The district was impressed with Huber’s approach to teaching and her interest in incorporating mindfulness into the classroom. “Mindfulness is something that I focus on in my classrooms and that’s my priority—making sure students feel safe in that space and feel some kind of ownership over their learning,” she said. “A lot of sixth grade is less about the curriculum and the content, and more about teaching students how to be good citizens and good students—all of that character-building. That is something that I took a big interest in while I was at SUNY Potsdam. I did a lot with positive psychology and the positivity project at local schools,” Huber said.

Huber enrolled at SUNY Potsdam as a transfer student because of the College’s incredible reputation for teacher education. “It was either SUNY Potsdam or SUNY Plattsburgh for me, and Potsdam has the foundation of being a Normal School back in the 1800s and just really having that focus on education. I wanted my diploma to say SUNY Potsdam and people to recognize that it’s a teaching school—that really led my decision,” Huber said.

She took classes in the Department of English and Communication, where she explored classic literature and honed her writing skills, while also developing the leadership techniques to be a middle / secondary education teacher. Along the way, her professors were there to help her grow.

“Dr. Laura Brown was just incredible! She was my advisor and she taught my methods courses,” Huber said. “She would ask me, ‘What do you need? We can get away from the syllabus, and we can talk about what you need as a growing teacher and what you’re scared about.’”

Her final semester at SUNY Potsdam gave her a chance to take what she had learned in the classroom and apply it in a real-world setting. She started student teaching at Massena High School and spent the second half of the semester at Lisbon Central School. There, she had the chance to work with a SUNY Potsdam alumna who implemented relaxation techniques in the classroom. “My mentor teacher, Angela (Zambito) Brown ’09 & ’10, was incredible!
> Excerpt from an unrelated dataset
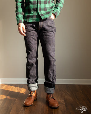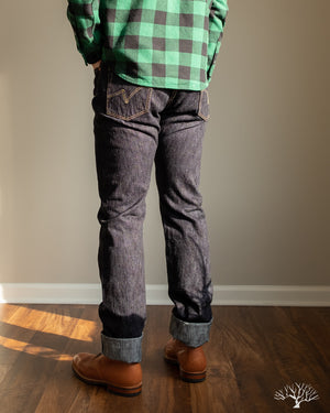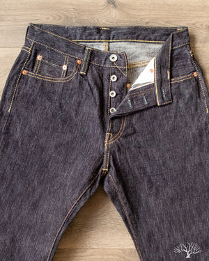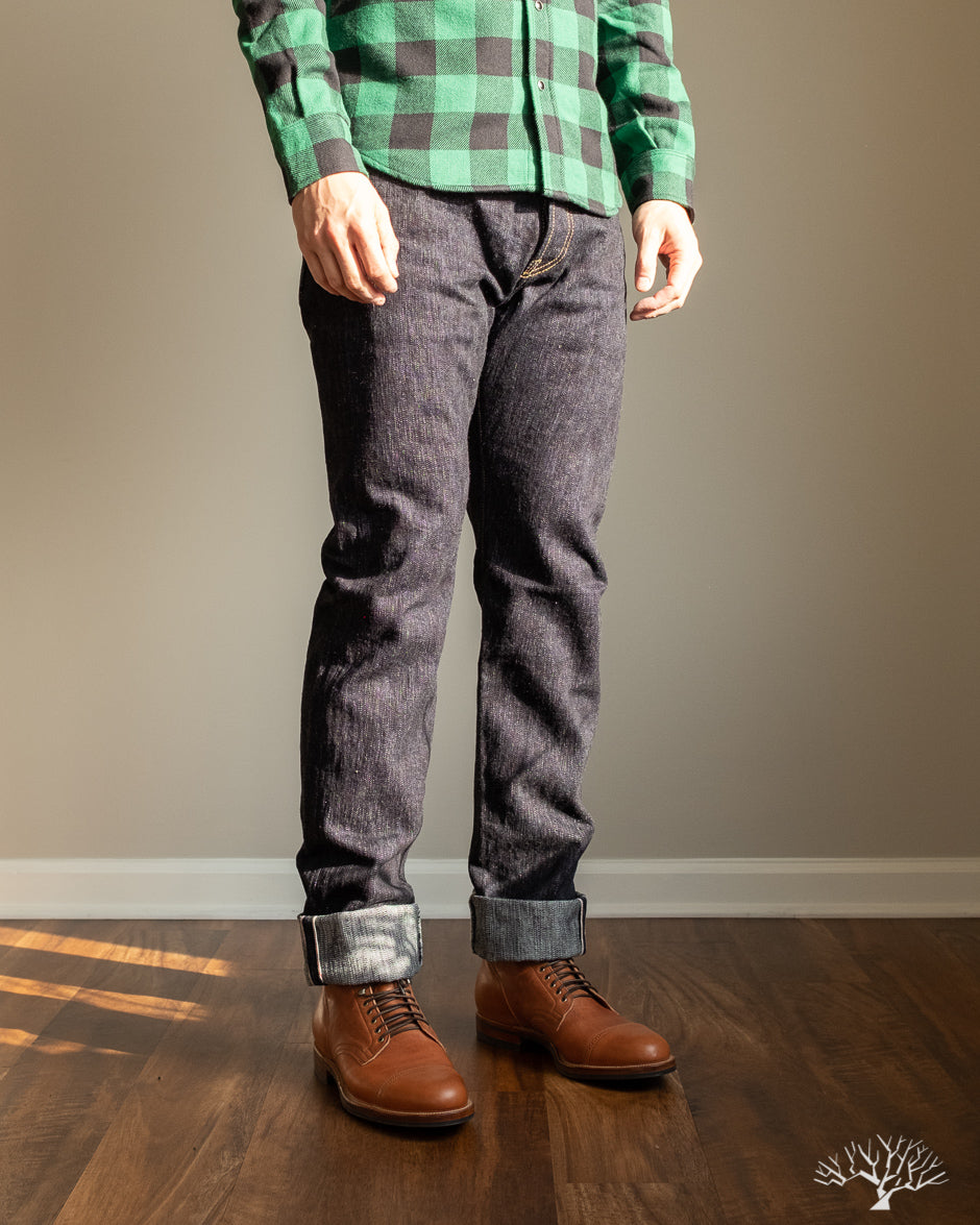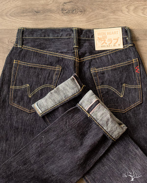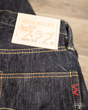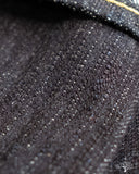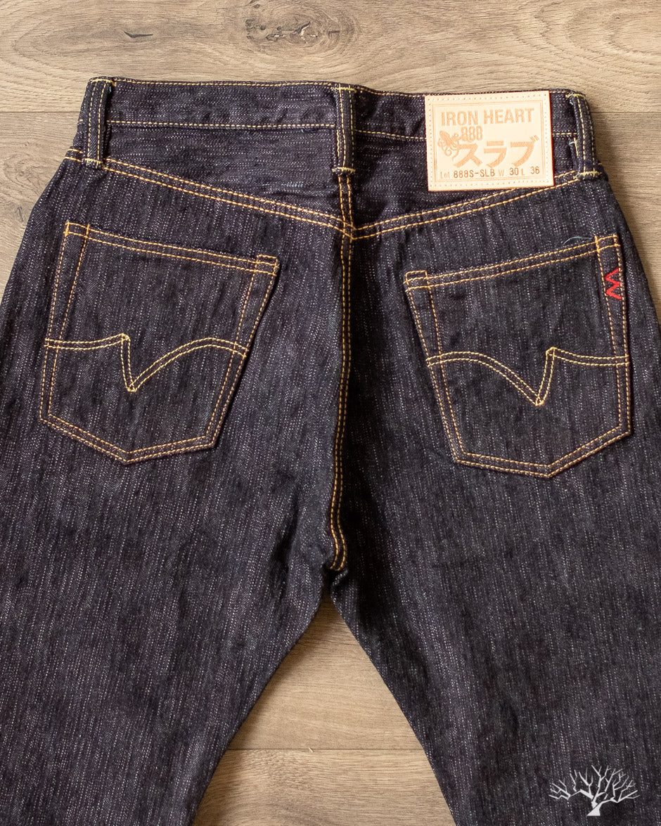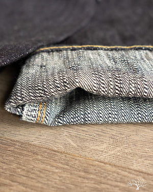 Feast your eyes on this new fabric from Iron Heart, a slubby mid-weight denim that has tons of texture and exudes character. This 16oz slubby selvedge denim is quite different from Iron Heart's typical line-up with a textured hand that is irregular and a vertical streaking appearance. The interior of the fabric is even more crazy, appearing like a diagonal zig-zag pattern. With multiple washes and significant wear, these will fade to reveal more electric blues and the white cores over time.

She would always do mindfulness at the beginning of class,” Huber said.

As she takes the reigns to teach her own students now, Huber has stayed connected with SUNY Potsdam secondary English education instructors like Joanne Stiles, who was also her supervisor during her student teaching. Stiles has been talking her through the steps of setting up her classroom with visual aids for the students and other tips to enhance the educational experience. “She’s also been helping me with pacing, because I’ll be teaching sixth grade and I’m more used to high school and upper middle school. So, how do you really slow it down and be patient? We’re working on that, for sure,” Huber said.

Huber recently returned to campus to help SUNY Potsdam students prepare for their upcoming student teaching placements. She stood at the front of a classroom in Satterlee Hall, the same room that she had sat in as an undergraduate, and gave a PowerPoint presentation about best practices for student teaching—something that was an invaluable experience for her. “You can do all of your methods courses and still learn five years’ worth of information just from student teaching because you’re finally in the classroom,” Huber said.

She will be pursuing a master’s degree in the near future while working full time at Waterloo Middle School. “I love New York, and I don’t want to leave,” she said.